Excerto do Editorial
No número anterior da Manifesto, publicado em plena crise pandémica e com as alterações climáticas a assumir redobrada importância, colocou-se a possibilidade de estas questões, entre outras, obrigarem a um questionamento profundo do capitalismo predatório e iníquo que temos e, nessa medida, a desencadear mudanças no modo como nos organizamos económica e socialmente. «Para que nada fique como dantes» era, assim, o tema desse número.

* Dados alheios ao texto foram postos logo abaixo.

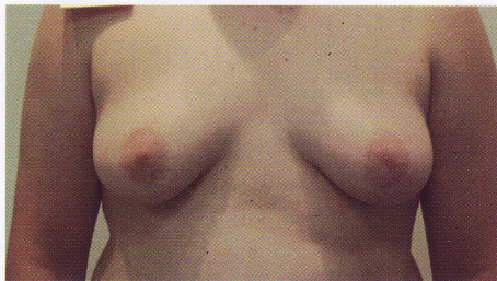
Fot. 1. Ginekomastia – wygląd piersi mężczyzny.

W ostatnich latach coraz częściej stosowane są techniki małoinwazyjne, takie jak liposukcja i metoda shave, które zachowując

Não foi contudo necessário muito tempo para se constatar que, com um maior controlo da crise pandémica nos países desenvolvidos, graças à vacinação, a consciência da necessidade de mudança se foi desvanecendo, acumulando-se os sinais de gradual regresso ao «velho normal», mesmo que as ameaças – nomeadamente as ambientais, mas não só – tenham continuado a agravar-se.

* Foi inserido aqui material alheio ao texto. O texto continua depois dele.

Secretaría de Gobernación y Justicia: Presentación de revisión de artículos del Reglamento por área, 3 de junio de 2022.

Mais que impactos circunstanciais e temporários, a crise pandémica veio de facto revelar, e em vários aspetos acentuar, as desigualdades, desequilíbrios e disfuncionalidades com que há muito nos defrontamos, fruto das políticas neoliberais das últimas décadas. Por isso, e na ausência de luta organizada, incluindo no plano político-ideológico, corre-se o risco de que a crise apenas tenha sido um parêntese de expetativas, não abrindo portas às mudanças irreparavelmente necessárias.
Procura-se, sobretudo no dossiê deste número 6 da revista Manifesto, refletir sobre os problemas estruturais e os constrangimentos que a crise pandémica, com os seus impactos económicos e sociais, veio evidenciar, em especial no nosso país, discutindo as possibilidades de transformação e os impasses e resistências que persistem em vários planos, e cujas forças apontam para que possa ficar tudo como dantes.
Lista de Artigos
AS TOUPEIRAS, Teoria Acção Organização
BOAVENTURA DE SOUSA SANTOS, «A História tem tempo, nós não temos» (entrevista por Nuno Ramos de Almeida)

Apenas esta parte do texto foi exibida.